• _TASK INSTRUCTIONS_: Any picture in the data below should be skipped, while every line is repeated exactly.
START RECORDS PROVIDED
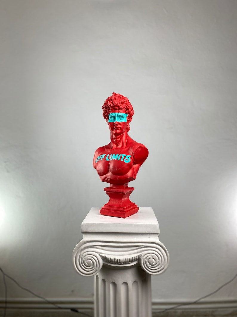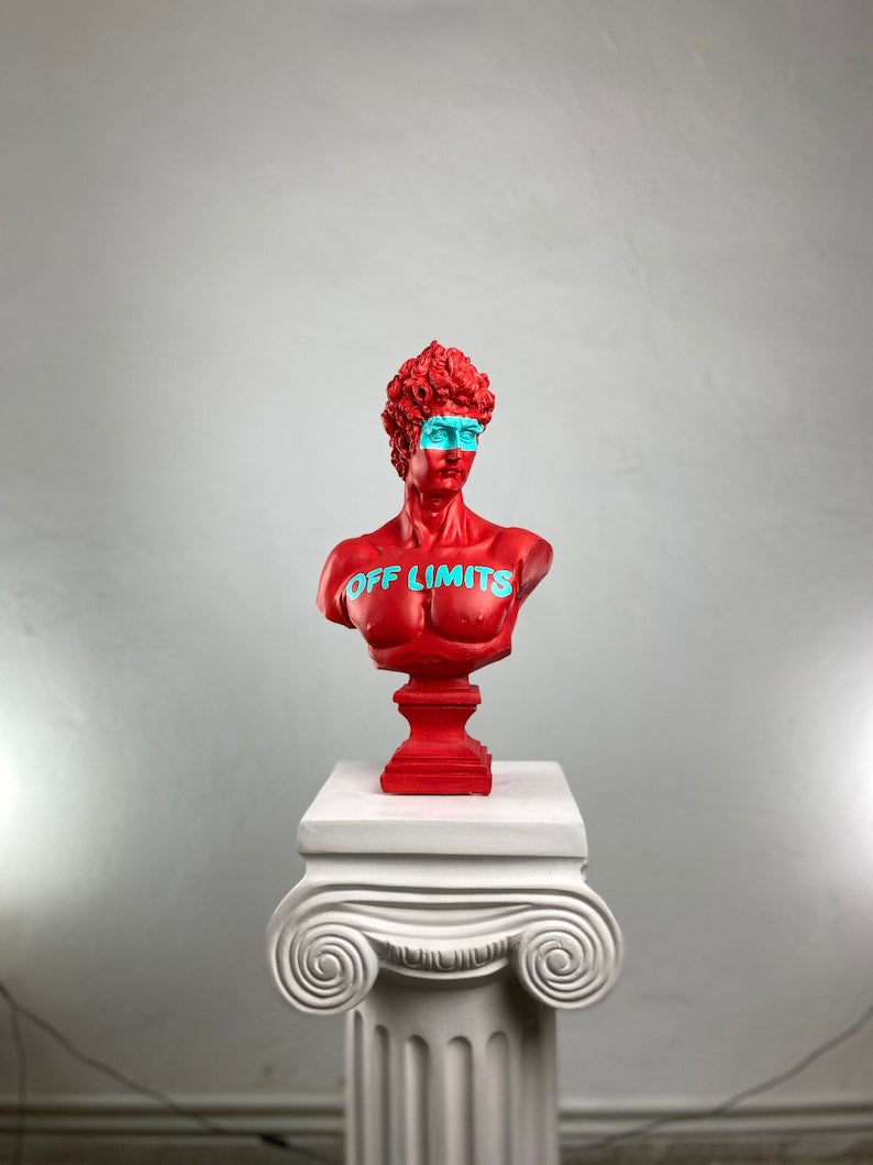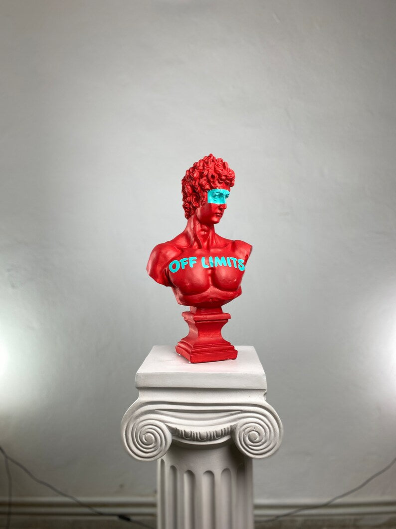The Apollo “Off Limits”™️ sculpture redefines the boundaries between Greek mythology and contemporary culture. Inspired by the timeless beauty of Renaissance artistry, this limited-edition piece captures the divine form of Apollo with a striking urban twist — featuring bold neon accents and hand-painted lettering that challenge convention.
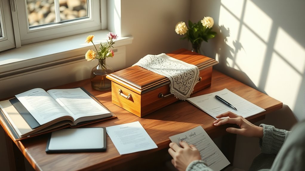 Ensuring proper documentation and legal paperwork is a crucial step in planning a home funeral, as it helps guarantee everything is handled smoothly and in accordance with the law. First, you’ll need to obtain the death certificate from the appropriate authorities, which officially records the death. Check your state or local regulations for specific requirements, such as notarized affidavits or permits. You’ll also need to notify the vital records office and arrange for transportation of the body, if necessary. Keep copies of all documents, including the death certificate, permits, and any affidavits, in a safe place. Staying organized and informed about legal requirements assures your home funeral proceeds without unnecessary delays or complications. This preparation provides peace of mind during a difficult time.
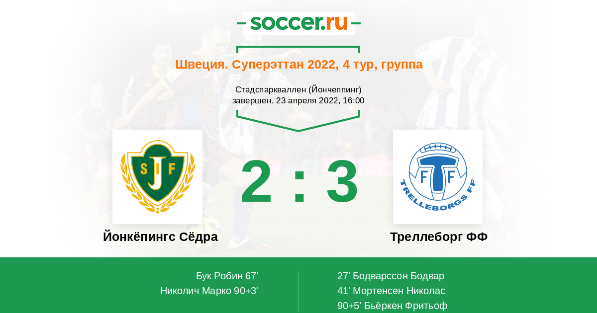Протокол матча Йонкёпингс Сёдра против Треллеборг ФФ
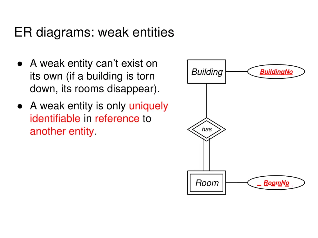 ER diagrams: weak entities A weak entity can t exist on its own (if a building is torn down, its rooms disappear). A weak entity is only uniquely identifiable in reference to another entity. Building BuildingNo has Room RoomNo
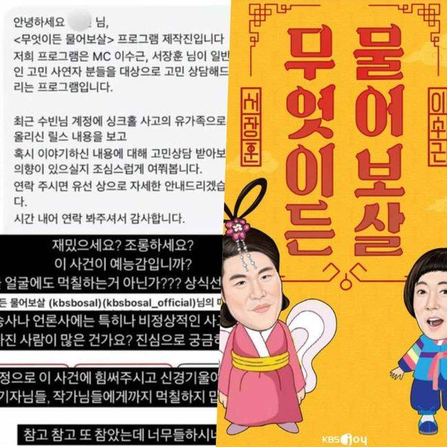 [OSEN=김수형 기자] 서울 강동구 싱크홀 사고 유가족에게 섭외 요청을 한 KBS Joy 예능 ‘무엇이든 물어보살’ 제작진의 행보가 여론의 뭇매를 맞고 있다. 유족의 고통을 소재로 활용하려는 듯한 접근은 예능 제작 현장에서 반드시 지켜야 할 윤리적 책임감이 무너진 사례라는 지적이다.
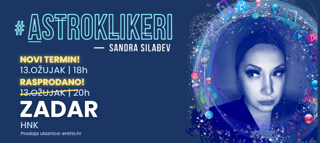 INCOGNITO AGENCY PRESENTS: SANDRA SILAĐEV – “ASTROKLIKERI” HRVATSKO NARODNO KAZALIŠTE, ZADAR RASPRODANO – izvedba 13.3.2026. u 20h DODATNI TERMIN 13.3.2026. u 18h ULAZNICE – novi termin u 18 sati: Entrio – online na: https://www.entrio.hr/event/novi-termin-u-18h-sandra-siladjev-astroklikeri-u-zadru-30490 i na svim Entrio fizičkim prodajnim mjestima (www.entrio.hr/outlets) ULAZ (prvi termin): od 17:30hPOČETAK predstave (prvi termin): 18:00h ULAZ (drugi termin): od 19:30h POČETAK predstave (drugi termin): 20:00h O
END RECORDS PROVIDED
• _WRITTEN SOLUTION_:
The Apollo “Off Limits”™️ sculpture redefines the boundaries between Greek mythology and contemporary culture. Inspired by the timeless beauty of Renaissance artistry, this limited-edition piece captures the divine form of Apollo with a striking urban twist — featuring bold neon accents and hand-painted lettering that challenge convention.
 Ensuring proper documentation and legal paperwork is a crucial step in planning a home funeral, as it helps guarantee everything is handled smoothly and in accordance with the law. First, you’ll need to obtain the death certificate from the appropriate authorities, which officially records the death. Check your state or local regulations for specific requirements, such as notarized affidavits or permits. You’ll also need to notify the vital records office and arrange for transportation of the body, if necessary. Keep copies of all documents, including the death certificate, permits, and any affidavits, in a safe place. Staying organized and informed about legal requirements assures your home funeral proceeds without unnecessary delays or complications. This preparation provides peace of mind during a difficult time.
Протокол матча Йонкёпингс Сёдра против Треллеборг ФФ
 ER diagrams: weak entities A weak entity can t exist on its own (if a building is torn down, its rooms disappear). A weak entity is only uniquely identifiable in reference to another entity. Building BuildingNo has Room RoomNo
 [OSEN=김수형 기자] 서울 강동구 싱크홀 사고 유가족에게 섭외 요청을 한 KBS Joy 예능 ‘무엇이든 물어보살’ 제작진의 행보가 여론의 뭇매를 맞고 있다. 유족의 고통을 소재로 활용하려는 듯한 접근은 예능 제작 현장에서 반드시 지켜야 할 윤리적 책임감이 무너진 사례라는 지적이다.
 INCOGNITO AGENCY PRESENTS: SANDRA SILAĐEV – “ASTROKLIKERI” HRVATSKO NARODNO KAZALIŠTE, ZADAR RASPRODANO – izvedba 13.3.2026. u 20h DODATNI TERMIN 13.3.2026. u 18h ULAZNICE – novi termin u 18 sati: Entrio – online na: https://www.entrio.hr/event/novi-termin-u-18h-sandra-siladjev-astroklikeri-u-zadru-30490 i na svim Entrio fizičkim prodajnim mjestima (www.entrio.hr/outlets) ULAZ (prvi termin): od 17:30hPOČETAK predstave (prvi termin): 18:00h ULAZ (drugi termin): od 19:30h POČETAK predstave (drugi termin): 20:00h O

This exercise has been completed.